Organophosphorus zwitterions engaged in a conjugated macrocycle on fullerene

Organophosphorus zwitterions are one of the most important but elusive intermediates for carbon-carbon bond formation in synthetic chemistry and biology. However, a lack of isolated examples due to their lability has hampered in-depth understanding of structures and their reaction mechanisms. In this study, we crystallographically reveal the solid-state structure of a phosha-Michael adduct engaged in a cage-opened C(60)skeleton, which is formed as a kinetic product.
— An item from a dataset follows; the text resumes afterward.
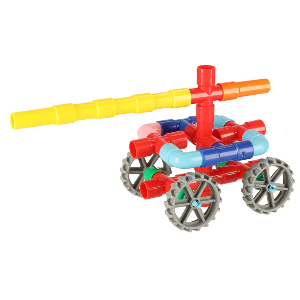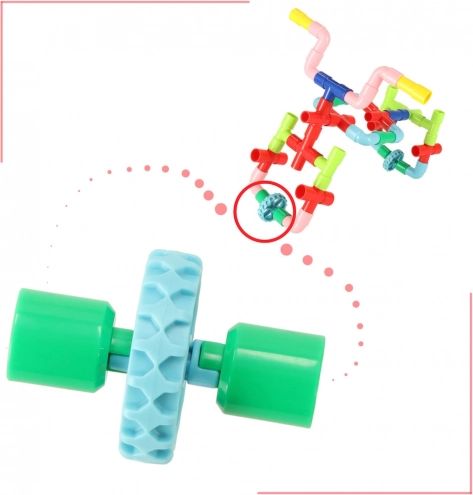 Objavte farebné stavebné kocky pripomínajúce vodné rúrky s 84 kusmi, vrátane kolies. Podporte rozvoj kreativity a motorických zručností vášho dieťaťa s touto ideálnou hračkou pre hru doma aj vonku.

This compound exhibits dark brown colour in solution with an intense absorption band that extends to 1000 nm, reflecting intramolecular charge transfer transitions. From the 1,2-dicarbonyl moiety on the conjugated orifice, beta-oxo-phosphorus ylide is formed as a thermodynamic product. The reaction mechanism that has long been disputed is examined by experimental and theoretical studies, showing a pathway which includes an S(N)2 reaction as a key step instead of the hitherto considered carbene pathway. Organophosphorous zwitterions are important intermediates in organic synthesis but can be unstable and difficult to characterise. Here, two analogues of such intermediates stabilised by conjugation to an open-cage fullerene derivative allow for characterisation by single-crystal X-ray diffraction, with mechanistic implications.